PAM: A Pose–Appearance–Motion Engine for Sim-to-Real HOI Video Generation

Accepted to CVPR 2026

Mingju Gao^*1,2, Kaisen Yang^*2, Huan-ang Gao², Bohan Li^4,5, Ao Ding²,
Wenyi Li², Yangcheng Yu², Jinkun Liu², Shaocong Xu³, Yike Niu², Haohan Chi², Hao Chen⁴,
Hao Tang¹, Yu Zhang⁴, Li Yi², Hao Zhao^†2,3

¹ Peking University ² Tsinghua University ³ BAAI ⁴ SJTU ⁵ Eastern Institute of Technology
^*Indicates Equal Contribution ^†Indicates Corresponding Author

Paper Code [CVPR 2026] arXiv HF Models

Abstract

Hand–object interaction (HOI) reconstruction and synthesis are becoming central to embodied AI and AR/VR. Yet, despite rapid progress, existing HOI generation research remains fragmented across three disjoint tracks: (1) pose-only synthesis that predicts MANO trajectories without producing pixels; (2) single-image HOI generation that hallucinates appearance from masks or 2D cues but lacks dynamics; and (3) video generation methods that require both the entire pose sequence and the ground-truth first frame as inputs, preventing true sim-to-real deployment. Inspired by the philosophy of previous work, we think that HOI generation requires a unified engine that brings together pose, appearance, and motion within one coherent framework. Thus we introduce PAM: a Pose–Appearance–Motion Engine for controllable HOI video generation. The performance of our engine is validated by: (1) On DexYCB, we obtain an FVD of 29.13 (vs. 38.83 for InterDyn), and MPJPE of 19.37 mm (vs. 30.05 mm for CosHand), while generating higher-resolution 480×720 videos compared to 256×256/256×384 baselines. (2) On OAKINK2, our full multi-condition model improves FVD from 68.76 → 46.31. (3) An ablation over input conditions on DexYCB shows that combining depth, segmentation, and keypoints consistently yields the best results. (4) For a downstream hand pose estimation task using SimpleHand, augmenting training with 3,400 synthetic videos (207k frames) allows a model trained on only 50% of the real data plus our synthetic data to match the 100% real baseline.

Method

Overview of our three-stage generation pipeline. (1) Pose Generation: A pretrained pose generation model generates the intermediate hand-object interaction (HOI) poses based on the initial and target poses, along with the object mesh. (2) Appearance Generation: A controllable image diffusion model synthesizes the first frame of the video, conditioned on multi-modal inputs (depth maps, semantic masks, and keypoint annotations). (3) Motion Generation: The generated HOI sequence and the first frame are rendered into a full video sequence by a video diffusion model, conditioned on the same multi-modal inputs used in the appearance generation stage.

Results

Quantitative comparison (DexYCB)

Method	FVD (↓)	MF (↑)	LPIPS (↓)	SSIM (↑)	PSNR (↑)	MPJPE (↓)	Resolution
CosHand	58.51	0.591	0.139	0.767	23.20	30.05	256 x 256
InterDyn	38.83	0.680	0.119	0.848	24.86	-	256 x 384
ManiVideo	-	-	0.079	0.913	30.10	57.30	-
Ours w/ all	29.13	0.712	0.069	0.914	30.17	19.37	480 x 720

Quantitative comparison on DexYCB dataset. Our method is evaluated against CosHand, InterDyn, and ManiVideo. Results for InterDyn and ManiVideo are taken from their original papers. For fair comparison, CosHand was fine-tuned on the s0-split training set identical to ours. Our approach achieves state-of-the-art performance across all metrics (FVD, LPIPS, MF, MPJPE) while generating high-resolution 480×720 videos.

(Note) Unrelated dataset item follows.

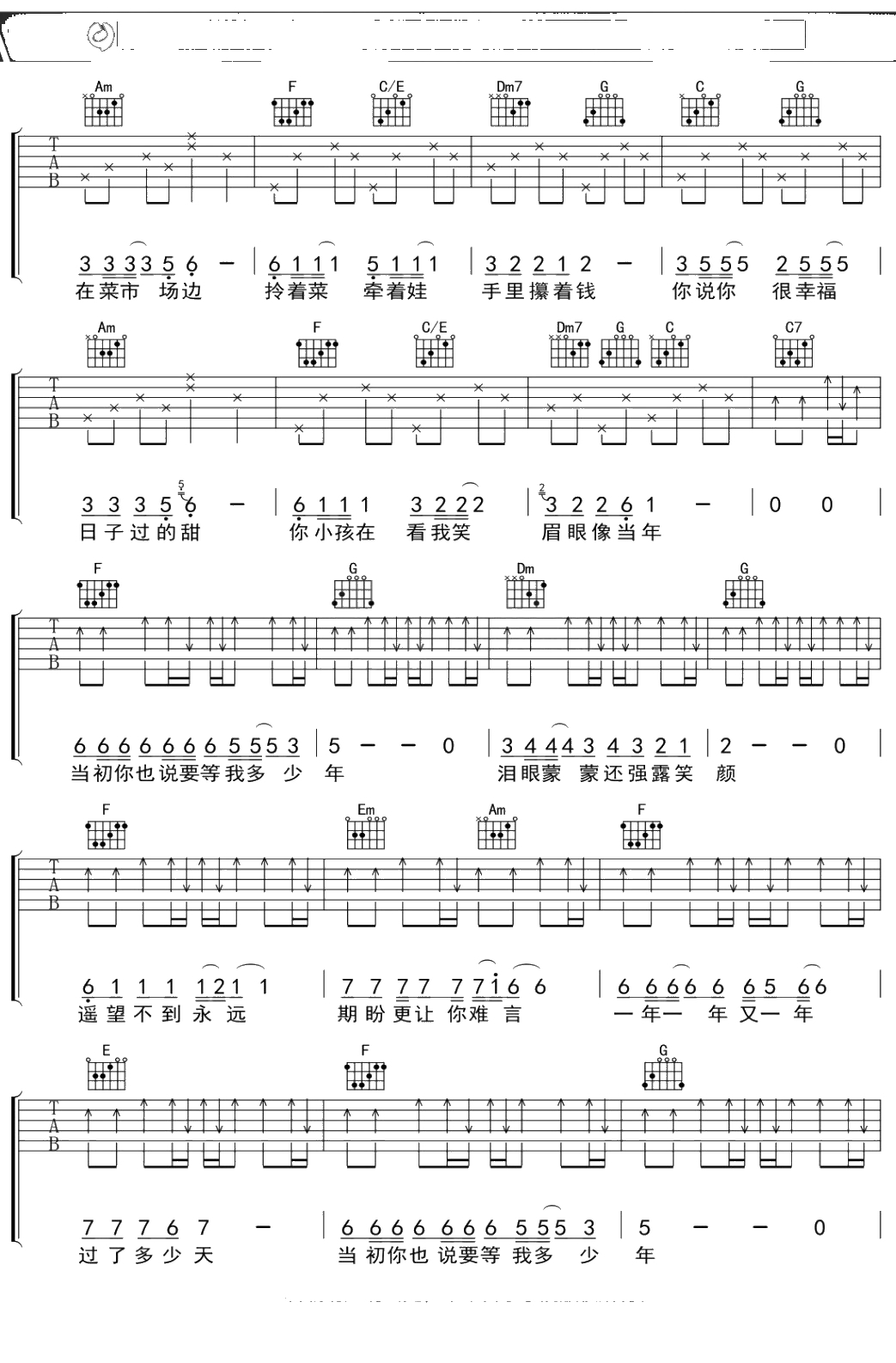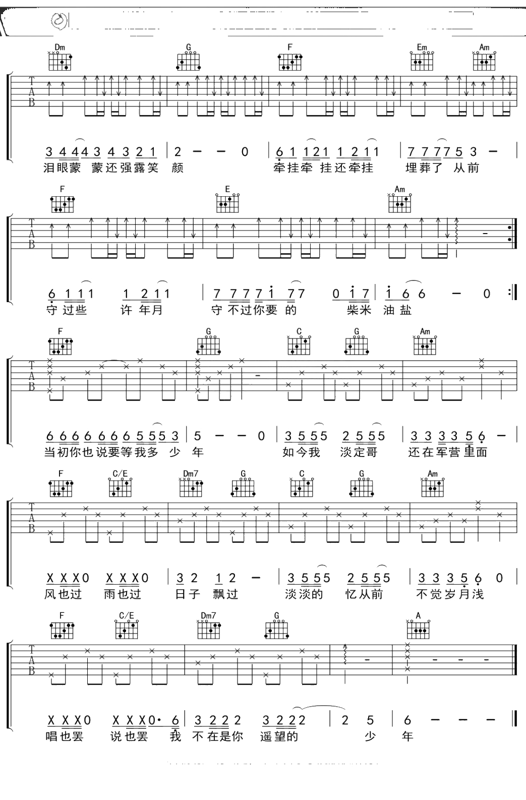 小田超群《那年今天》吉他谱 F调弹唱六线谱吉他谱

Quantitative comparison (OAKINK2)

Method	FVD (↓)	MF (↑)	LPIPS (↓)	SSIM (↑)	PSNR (↑)	MPJPE (↓)
CosHand	68.76	0.651	0.156	0.765	23.84	14.49
Ours w/ seg	48.97	0.708	0.084	0.831	25.76	9.61
Ours w/ depth	50.85	0.702	0.086	0.845	26.98	10.07
Ours w/ hand	52.41	0.671	0.113	0.838	25.66	8.01
Ours w/ all	46.31	0.777	0.081	0.851	28.36	7.01

Quantitative results on the OAKINK2 dataset. Comparison of our method with CosHand. For a fair evaluation, both models are trained on the same dataset. Our approach achieves state-of-the-art performance, outperforming CosHand across all evaluated metrics.

Downstream Validation

Data augmentation analysis with varying ratios of real data. We augment different portions of the DexYCB training set (25%, 50%, 75%, 100%) with our generated synthetic data. The baseline (dashed line) indicates performance when training solely on 100% of the real DexYCB data without synthetic augmentation.